Aos poucos, eu fui entendendo que a umbanda é a manifestação do espírito para a prática da caridade. A gente entende a caridade da maneira mais vasta possível, no sentido de acolher, não julgar, propagar a fé, alimentar e socializar. A umbanda é como o povo brasileiro: miscigenado. Ela é a primeira religião considerada 100% brasileira, e ela mistura saberes indígenas, africanos e europeus.
Se a gente pegar os povos originários, eles manifestam a espiritualidade através de ritos de passagem, de ervas, de vegetais e de minerais. Os africanos trouxeram o conhecimento das oferendas, da boa fé, da liberdade, da música, dos orixás, que são forças da natureza. Dos europeus vieram a feitiçaria, as velas e o estudo da vida após a morte.
Mãe Kelly: Na medida que a gente foi se envolvendo com os estudos da umbanda, começamos a explorar também outras formas de espiritualidade. Eu e o Pai Denisson viajamos em busca de conhecimento para o Tibete, Nepal, China, Índia, México, Egito, Israel, Peru e outros lugares sagrados. Buscamos conhecimento em contato com templos e os sacerdotes do budismo, do islamismo, do xintoísmo, do catolicismo, do judaísmo, do espiritismo e dos povos originários.
Com estas vivências, cada vez mais sentimos que as religiões tinham sinergia com a umbanda.
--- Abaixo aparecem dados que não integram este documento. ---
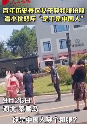 穿着和服在景区内拍照,素不相识的两伙人却因此吵开了。图源人民视频 据人民视频9月27日报道,26日在河北秦皇岛一百年历史景区内,有男游客上前怒斥两位身穿和服的女性游客:“你是中国人穿个和服?” 女游客则回怼::“别指指点点,跟谁指指点点呢?”、“别跟我指指点点,管好你自己。” 双方的争执吸引了不少路
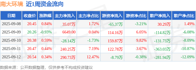 资金流向数据方面,本周南大环境主力资金合计净流入538.57万元,游资资金合计净流入322.65万元,散户资金合计净流出861.22万元。本周资金流向一览见下表:

E em vários lugares a gente recebeu sinais de que a gente tinha um caminho espiritual para trilhar. Em 2015, nós fundamos o Instituto CEU Estrela Guia. Desde o primeiro dia, em nosso espaço sagrado, conhecido como terreiro, buscamos o equilíbrio entre a mente e o coração, entre a razão e a emoção e entre o pensar e o sentir, com o compromisso de buscar e compartilhar conhecimento.
O trabalho social faz parte de todas as atividades do Instituto. Através de distribuição de alimentação de pessoas em vulnerabilidade alimentar e social. Hoje a gente doa diariamente comida para cerca de mil pessoas em situação de rua e em comunidades carentes. E a gente também desenvolve cursos de culinária, de reaproveitamento de alimentos para pessoas em vulnerabilidade social e alimentar.
O desenvolvimento do corpo mental acontece por meio dos cursos de Teologia da Umbanda, vivências de ervas e cristais. E o desenvolvimento do corpo espiritual, através dos ritos das giras, ritual para realização de trabalhos espirituais por meio de médiuns incorporando entidades.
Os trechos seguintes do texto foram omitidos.